Empirical Hardness of Finding Optimal Bayesian Network Structures

This is an online supplement for the paper "Empirical Hardness of Finding Optimal Bayesian Network Structures", B. Malone, K. Kangas, M. Järvisalo, M. Koivisto, P. Myllymäki (under revision). We study the empirical hardness of learning an optimal structure of a Bayesian network from statistical data via score-based methods. Specifically, we evaluate three state-of-the-art approaches or "solvers" for learning optimal structures on a collection of benchmark data. We then learn models for predicting the runtime of each solver on a given problem instance, based on various instance features, and use the models to construct algorithm portfolios.

This supplement provides the experiment data, including the benchmark data sets used, the feature values of all instances, the predictive models learned, as well as the measured and predicted runtimes of solvers. We have also made our data available as a scenario in the ASlib algorithm selection library.

Supplemental material for the preliminary AAAI-14 version of this work can be found here.

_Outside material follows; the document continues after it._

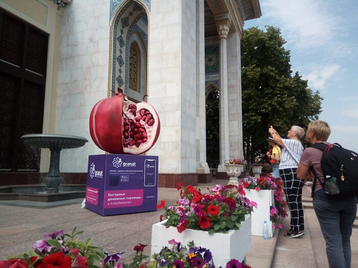 Очень красный, очень сочный и очень яркий. Огромный гранат вырос на главной аллее ВДНХ перед павильоном Азербайджан. Оригинальный арт-объект в виде разломленного граната - это плод сотрудничества павильона Азербайджан с российским банком. С первого дня этот король восточных фруктов привлекает внимание москвичей и гостей столицы, отдыхающих на ВДНХ. В этом убедился портал «Москва-Баку». Сайт "Москва-Баку": https://moscow-baku.ru/news/society/plod_druzhby_rossii_i_azerbaydzhana_poyavilsya_na_vdnkh_reportazh_moskva_baku/
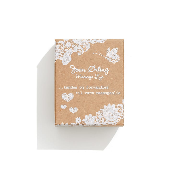 Sådan gør du: Tænd lyset og lad det brænde ca. 15 minutter, indtil olien bliver flydende. Sluk vægen og hæld derefter den varme, flydende olie ud over kroppen. Olien bliver ikke brændende varm, men føles forførende varm på din partners hud. Massagelyset efterlader huden blød, uden at klistre. Produktet består af shea butter, bivoks og E-vitamin.

Datasets in .csv format (compressed as .tar.gz)

Experiment results

Results table in .csv format

The table contains one line for each BNSL instance, and each line has the following attributes:

name		name of the instance
dataset		name of the source dataset
category		dataset class, one of: real, sampled, synthetic
var		number of variables
rec		number of records in the source dataset
f		scoring function, one of: bdeu, bic
ess		equivalent sample size (? for BIC scores)
pl		parent limit
[solver]	(8 attributes)	running time of [solver], either a number or "to" (timeout) or "mo" (memout)
[feature]	(86 attributes)	value of [feature]
[feature-set].[model-class]_[solver]_prediction	(144 attributes)	predicted runtime of [solver] by the predictor trained using [model-class] and [feature-set]

Models

The models produced by auto-sklearn:

Random forests (820 MB)
Ensemble of various models (45 GB)